Они дышали вечностью, эти звуки — всею свежестью, всем равнодушием, всею силою вечности. Голос самой природы слышался мне в них, тот красивый, бессознательный голос, который никогда не начинался — и не кончится никогда.

Он пел, он распевал самоуверенно, этот черный дрозд; он знал, что скоро, обычной чередою, блеснет неизменное солнце; в его песни не было ничего своего, личного; он был тот же самый черный дрозд, который тысячу лет тому назад приветствовал то же самое солнце и будет его приветствовать через другие тысячи лет, когда то, что останется от меня, быть может, будет вертеться незримыми пылинками вокруг его живого звонкого тела, в воздушной струе, потрясенной его пением.

И я, бедный, смешной, влюбленный, личный человек, говорю тебе: спасибо, маленькая птица, спасибо твоей сильной и вольной песенке, так неожиданно зазвеневшей под моим окном в тот невеселый час.

Она не утешила меня — да я и не искал утешения… Но глаза мои омочились слезами, и шевельнулось в груди, приподнялось на миг недвижное, мертвое бремя. Ах! и то существо — не так же ли оно молодо и свеже, как твои ликующие звуки, передрассветный певец!

Да и стоит ли горевать, и томиться, и думать о самом себе, когда уже кругом, со всех сторон разлиты те холодные волны, которые не сегодня — завтра увлекут меня в безбрежный океан?

Слезы лились… а мой милый черный дрозд продолжал, как ни в чем не бывало, свою безучастную, свою счастливую, свою вечную песнь!

О, какие слезы на разгоревшихся щеках моих осветило взошедшее наконец солнце!

Но днем я улыбался по-прежнему.

8 июля 1877

Дрозд II*

Опять я лежу в постели… опять мне не спится. То же летнее раннее утро охватывает меня со всех сторон; и опять под окном моим поет черный дрозд — и в сердце горит та же рана.

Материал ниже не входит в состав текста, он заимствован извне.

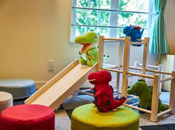お部屋には「ジャングルジム付きすべり台」や「絵本・乳幼児向けおもちゃ」などを備えており、パパママの目が届く範囲でお子様がのびのび遊べる環境をご用意しております。
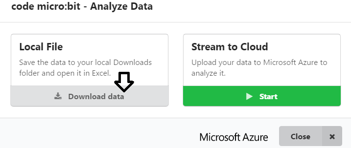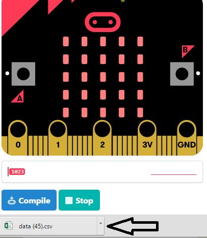 A CSV file will be generated to display the data points collected by the micro:bit. Click or tap on the data Excel file that was downloaded to your local Downloads Folder.
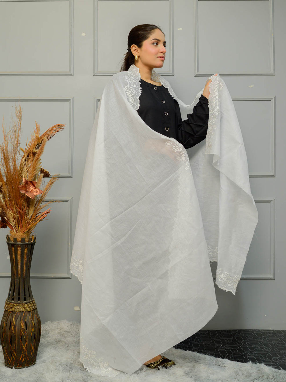 A premium voil lawn cutwork dupatta with delicate embroidery. Measuring 2.5 yard length and 1.25 yard width. The dupatta comes in a white dyeable fabric, allowing customization with your preferred color or design.

Но не приносит мне облегчения песенка птицы — и не думаю я о моей ране. Меня терзают другие, бесчисленные, зияющие раны; из них багровыми потоками льется родная, дорогая кровь, льется бесполезно, бессмысленно, как дождевые воды с высоких крыш на грязь и мерзость улицы.

Тысячи моих братий, собратий гибнут теперь там, вдали, под неприступными стенами крепостей; тысячи братий, брошенных в разверстую пасть смерти неумелыми вождями.

Они гибнут без ропота; их губят без раскаяния; они о себе не жалеют; не жалеют о них и те неумелые вожди.

Ни правых тут нет, ни виноватых: то молотилка треплет снопы колосьев, пустых ли, с зерном ли — покажет время.

Что же значат мои раны? Что значат мои страданья? Я не смею даже плакать. Но голова горит и душа замирает — и я, как преступник, прячу голову в постылые подушки.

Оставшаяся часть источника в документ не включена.